INTRODUCTION
Thin shells and plates are very common in structural constructions. In the
design of thin shells (or plates) buckling is an important factor to be considered.
Buckling may be overall (global) or local. Buckling of axisymmetric shells,
especially cylinders, received a good amount of attention in the past (Timoshenko
and Gere, 1963; Bushnell, 1985; AlQablan,
2010). A lot of theoretical work to predict the buckling load of these structures
is available in the literature. With finite element method, it is possible to
analyze more complex shells and other structures (Wood and
Zienkiewicz, 1977; Boumechra and Kerdal, 2006; Bagchi
et al., 2007; ElKafrawy and Bagchi, 2007).
An insight on the local buckling of axisymmetric shells has been provided by
Cai et al. (2002), while Athiannan
and Palaninathan (2004) presented an experimental evaluation of stability
of shells of revolution under axial and shear stresses. Jasion
(2009) conducted linear buckling and nonlinear postbuckling analysis of
shells of revolution under external pressure and determined that convex barrel
shape shells are not stable in the postbuckling regime. Bochkarev
and Matveenko (2011) studied the dynamic and stability behavior of shells
of revolution under internal fluid pressure. Ummenhofer
and Knoedel (2000) studied the effect of boundary condition on the behavior
of steel cylindrical shells under wind load. The initial geometric imperfection
that may be present in a shell reduces the buckling capacity. There are some
experimental and analytical works on shells of revolution with geometric imperfection
available in the literature (Freskakis, 1970; Freskakis
and Morris, 1972; Frano and Forasassi, 2008). Abdullah
et al. (2008) studied the fatigue life of shells with variable amplitude
loading, while Khamlichi et al. (2010) and Bahaoui
et al. (2010) explored the effect of localized interacting defects
on the critical loads for cylindrical shells under compression. Thermal effect
of the stability of axisymmetric shells has been reported in the literature
(Bagchi and Paramasivam, 1995; Sheng
and Wang, 2010; Ghorbanpour, 2002).
In the finite element context, there are two types of buckling analysis methods normally used, linear and nonlinear. Linear buckling analysis is also called eigenvalue buckling analysis because, it gives rise to an algebraic eigenvalue problem. This method has two versions, classical and fully linearized buckling analysis. Linear buckling analysis gives good prediction of buckling load of a structure if the prebuckling rotations are negligible. However, in practice, shell structures have considerable prebuckling rotations and linear or eigenvalue buckling analysis alone is not sufficient to predict the stability limit of these structures. Full nonlinear analysis would give the exact estimate of collapse load in those cases. But full nonlinear analysis is very costly and time consuming when the size of the structural model is large.

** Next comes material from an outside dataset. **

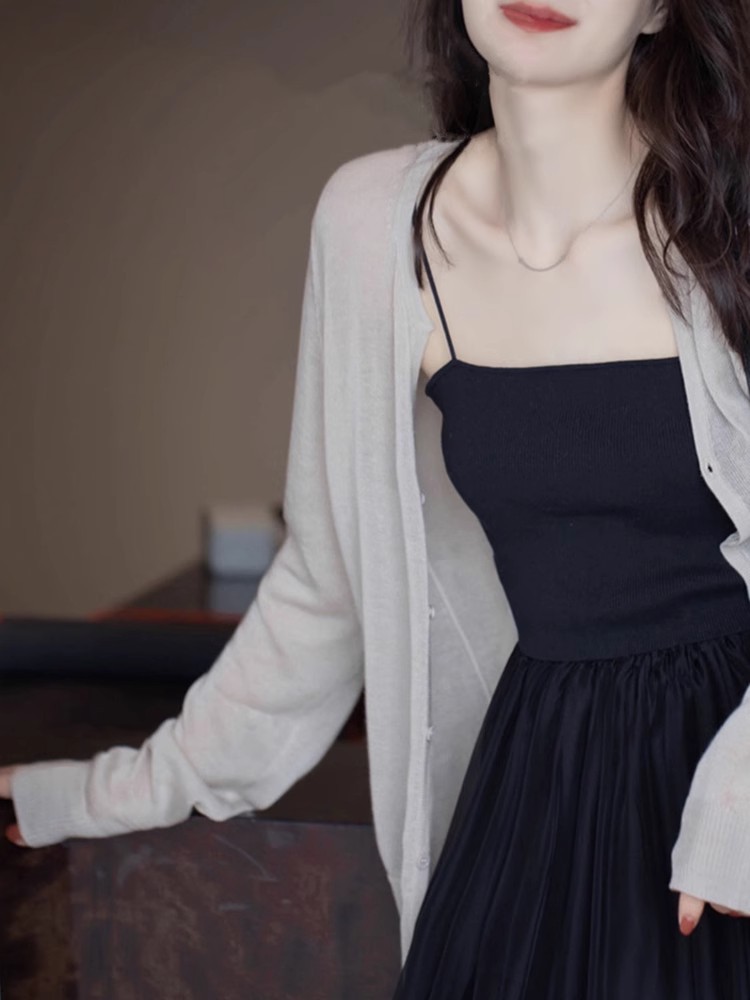 SS STUDIO 含真丝 满分亲肤感 芥米灰 空调 防晒针织衫

An improved method for prediction of buckling load was suggested by Brendel
and Ramm (1980). The linear stability analysis usually performed for initial
position was repeated at different load levels on the nonlinear prebuckling
path. Thus a current estimate of the final failure load was obtained and using
this information the so called eigenvalue function was traced. They used the
characteristics of the eigenvalue function in predicting the nonlinear buckling
load. Based on this methodology Chang and Chen (1986)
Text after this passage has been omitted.